Y como ha pasado en Bandcamp, en Spotify, en Deezer, en Subvert o en TIDAL (entre otras muchas plataformas del espectro de la "creator economy"): nadie quiere que el usuario, su principal fuente de extracción, se cabree por la polución y acabe yéndose o desinstalando la aplicación. Así que omiten que el mismo SLOP es beneficioso para ellas (por tráfico, retención y subida de tolerancia) y pasan a cerrarle las puertas de una forma puramente "cosmética".

Lo anuncian a los cuatro vientos y sacan pecho por ello, a pesar de que saben que están dando fuel a dinámicas tremendamente tóxicas y que, siendo completamente honestos, no tienen los medios para aportar el 100% de fiabilidad.
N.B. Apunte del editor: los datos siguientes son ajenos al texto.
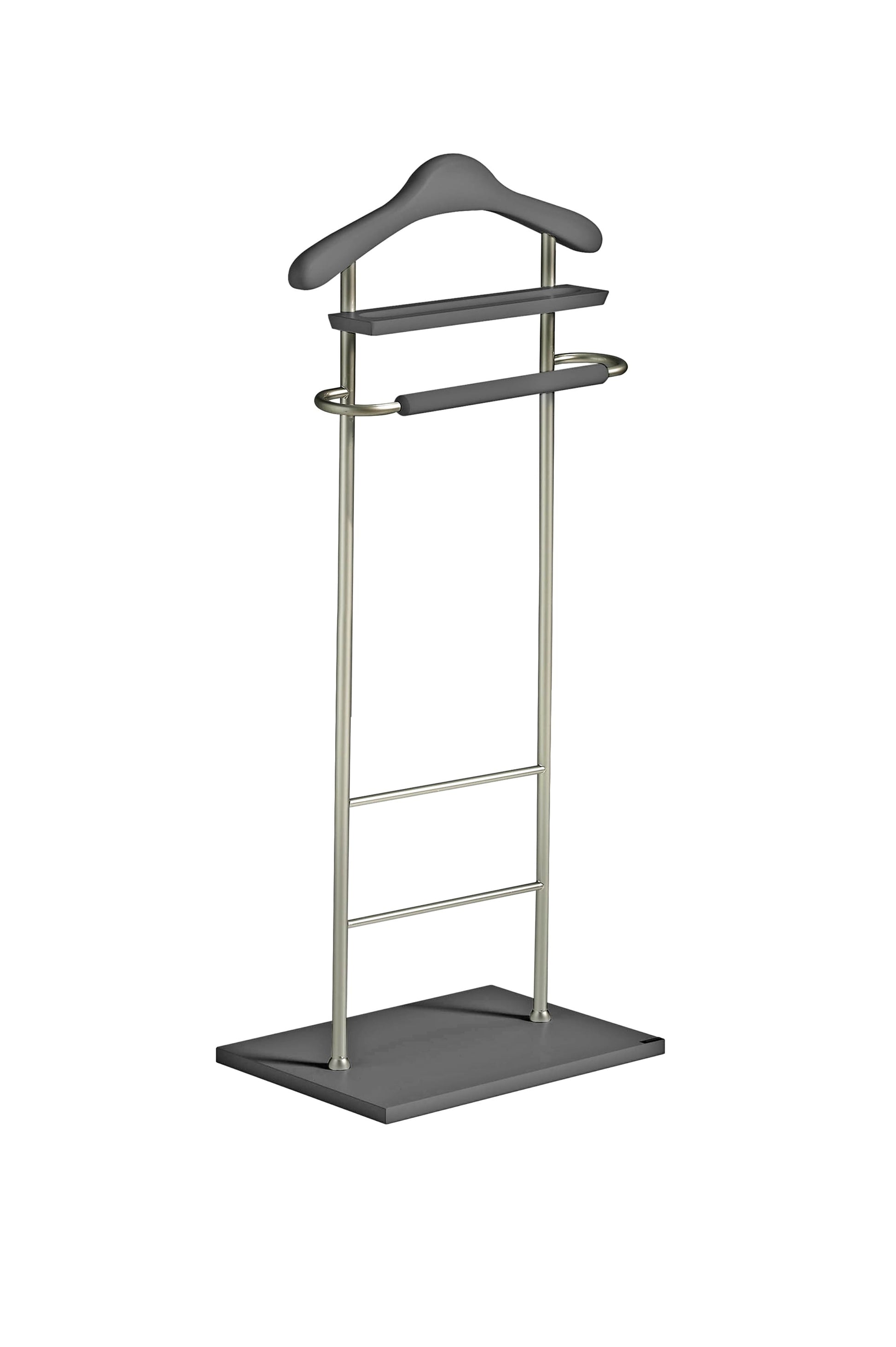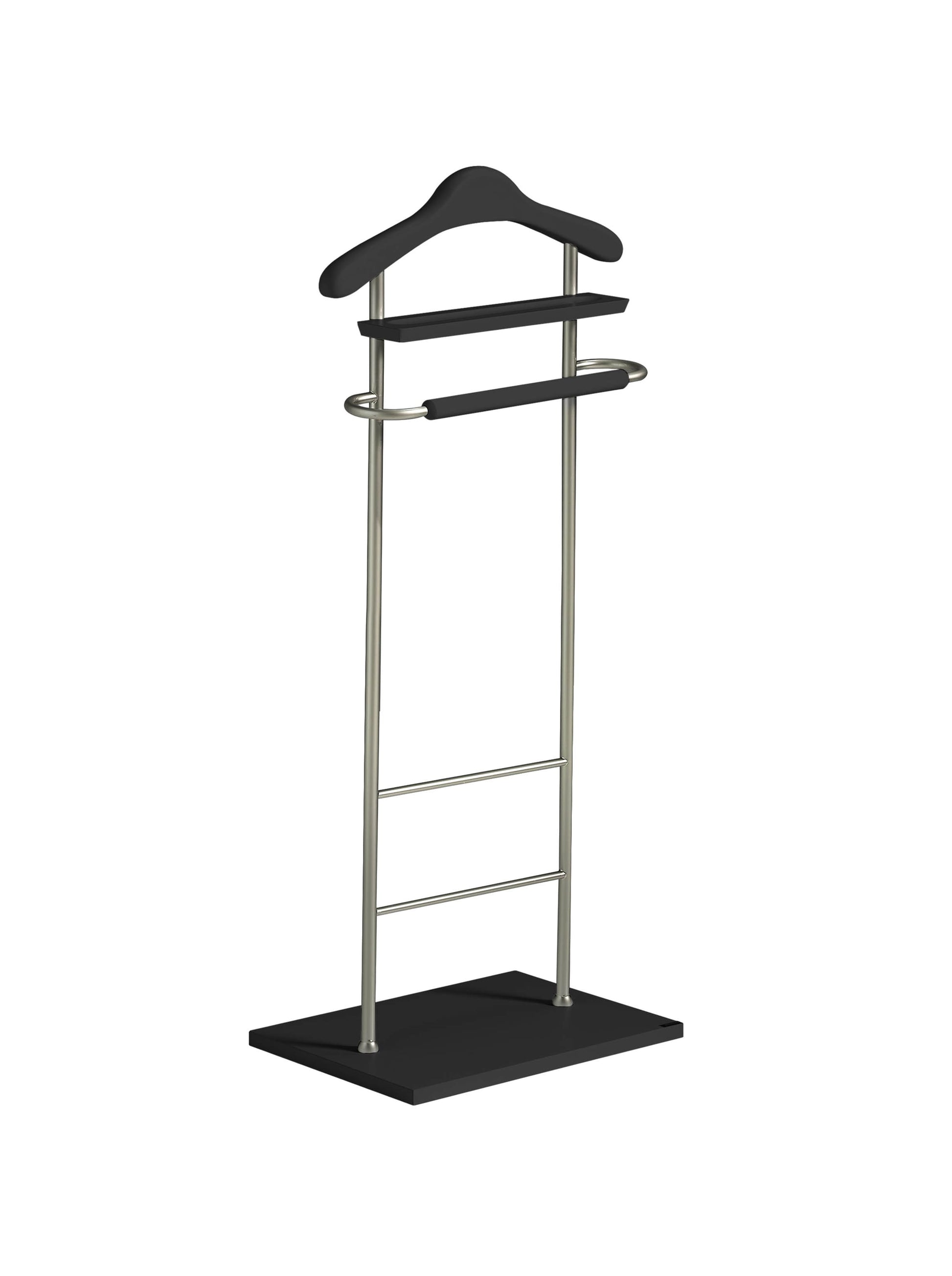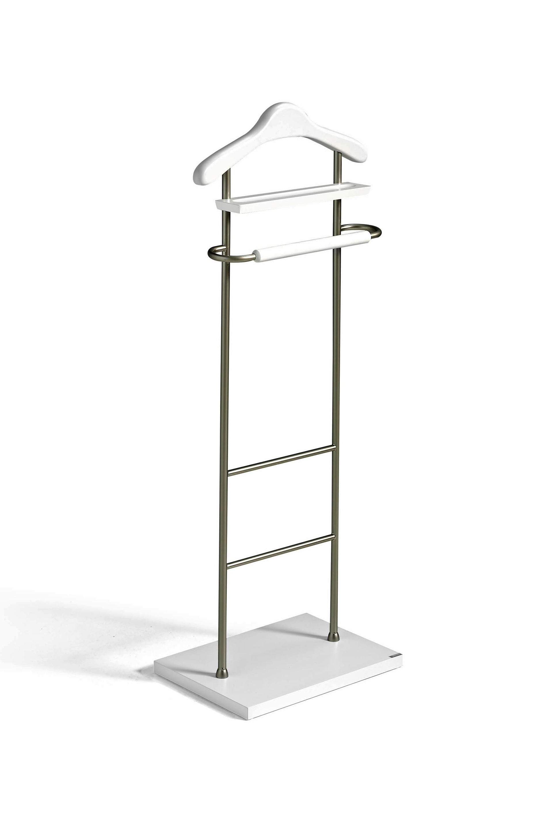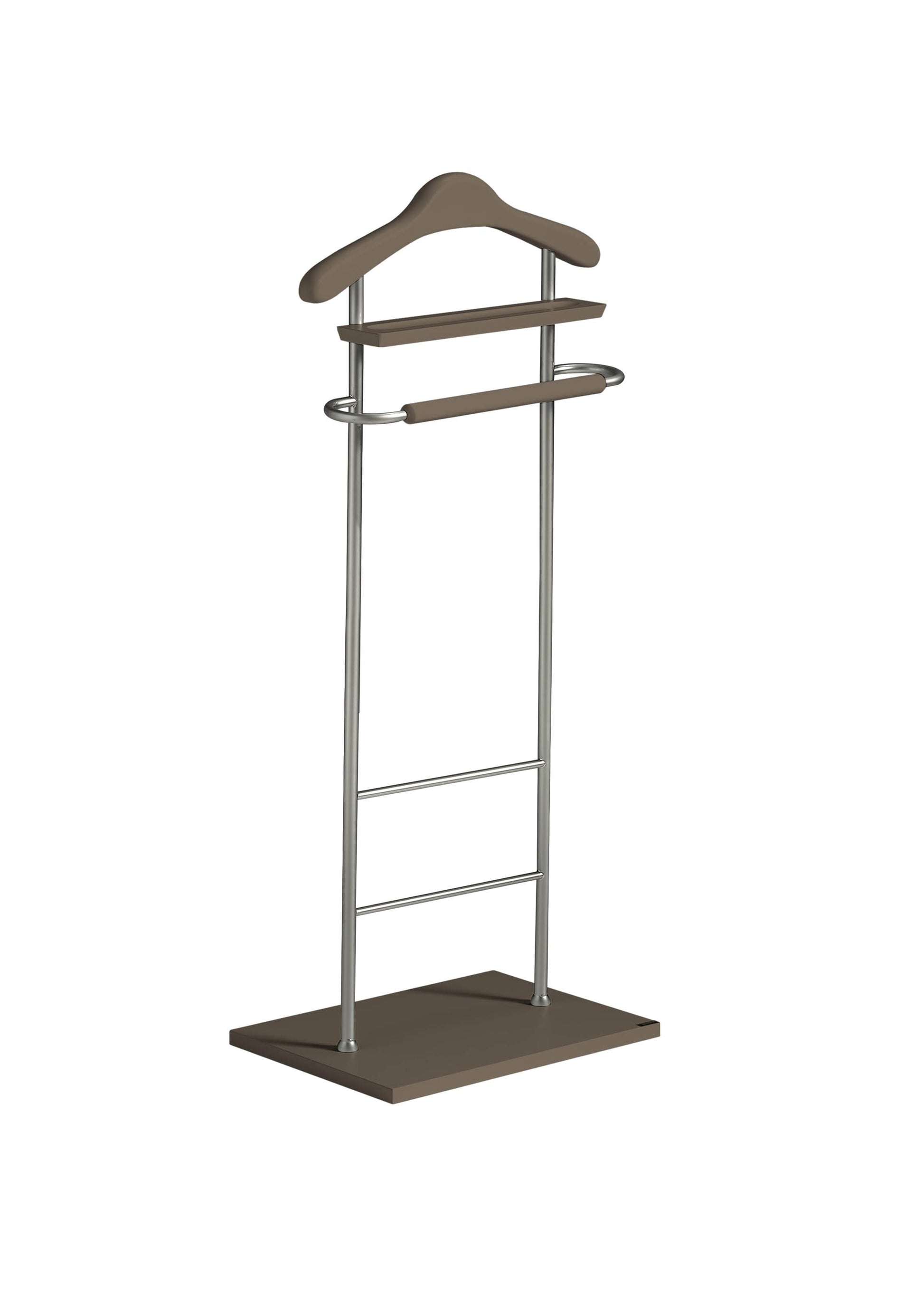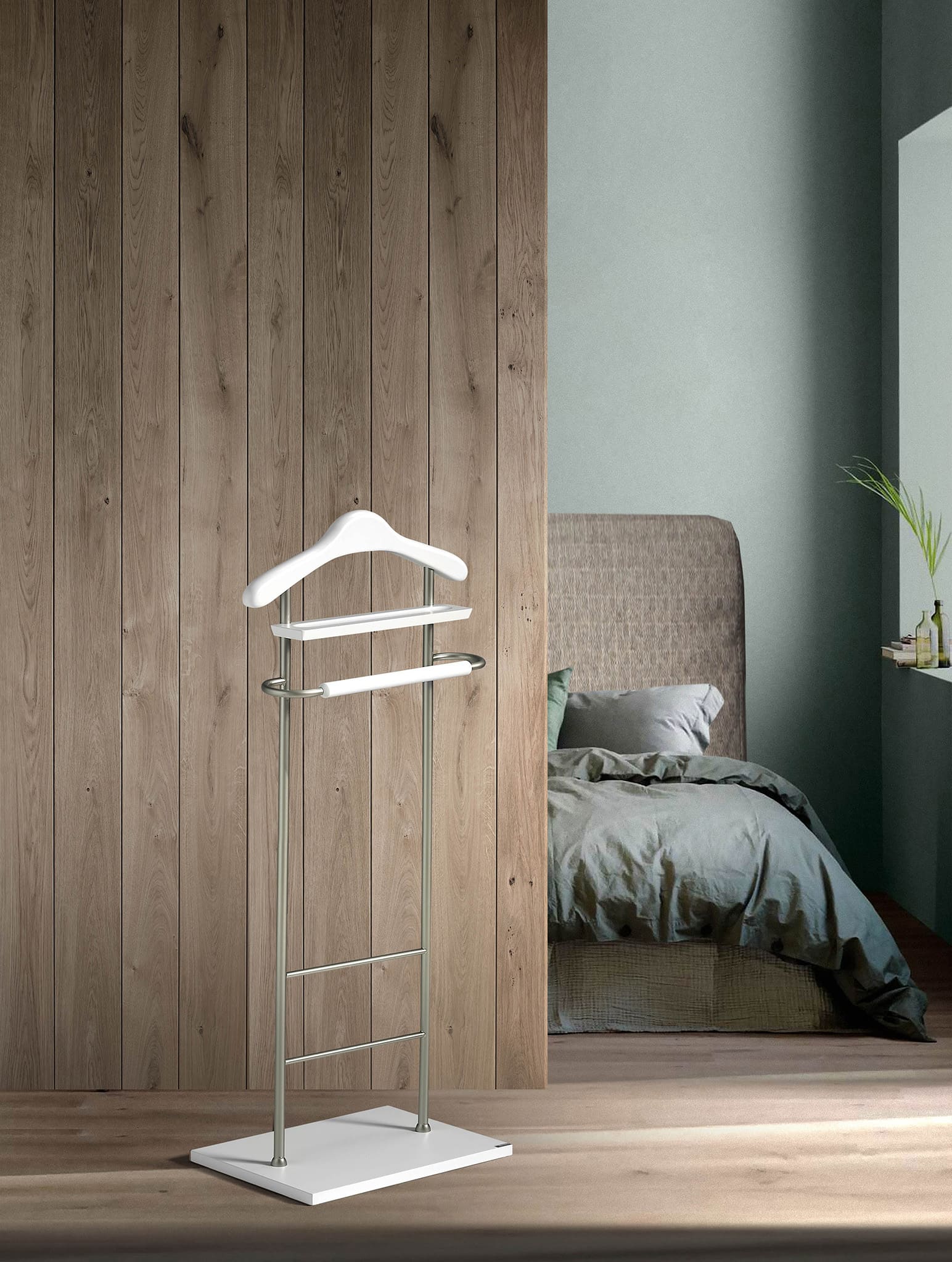 Galán de noche fabricado en madera de haya y estructura metálica. Su diseño moderno combina una base robusta con líneas estilizadas, integrando la clásica percha, pantalonera y una práctica bandeja superior ideal para vaciabolsillos. Los elementos de madera pueden lacarse en múltiples colores, adaptándose a distintos estilos de dormitorio.

En cualquier caso, Substack (parece) que lo quiere hacer diferente:

  • Asunción. Dan como cierta la estimación que apunta a que algunas plataformas ya contienen hasta un 40% de texto sintético.
  • Escaneo a petición. Cualquier lector escanea publicaciones, notas, respuestas y comentarios de más de 100 palabras. Recibe un porcentaje estimado de cuánto se escribió con IA.
  • Privado. El análisis solo lo ve quien lo pide. No queda pegado como etiqueta pública.
  • Herramientas para el autor. Escanear tus borradores, desactivar el escáner pieza a pieza, reportar escaneos erróneos, y colgar una declaración de "How I make this" que explique tu proceso.
  • Motor. Integran a Pangram, una empresa cuyo negocio es detectar IA. Se autodenominan "el detector que SÍ funciona"...
  • Bautizo. Chris Best, co-fundador de Substack, ya ha acuñado un término: claudefishing → el desajuste entre lo que el lector espera y la realidad, cuando invierte atención en algo sin pensamiento humano detrás. Cierra una de sus publicaciones al respecto con una frase lapidaria: "cuando quiera la opinión de Claude, se la pediré a Claude".
Claudefishing: hacer pasar por propio y humano un texto escrito por IA, engañando al lector que le dedica su atención esperando que haya una persona detrás. Claude (Anthropic) + catfishing: un engaño de identidad, como el de las citas o las estafas sentimentales, pero con la autoría.

A largo plazo, el porcentaje puede comerse al texto.

Cuando me enteré de que Substack iba a comenzar con su "agenda anti-SLOP" tuve sensaciones contradictorias: primero alivio ("quizá esto ayuda a descongestionar el espacio divulgativo"), pero inmediatamente después comenzaron a invadirme los matices. Entre otras muchas cosas, te preguntas qué será exactamente lo que Substack considerará como SLOP, qué método seguirán para analizarlo, cuál será el índice de falsos positivos y a quién le conviene habilitar justo ahora un sistema forense descentralizado.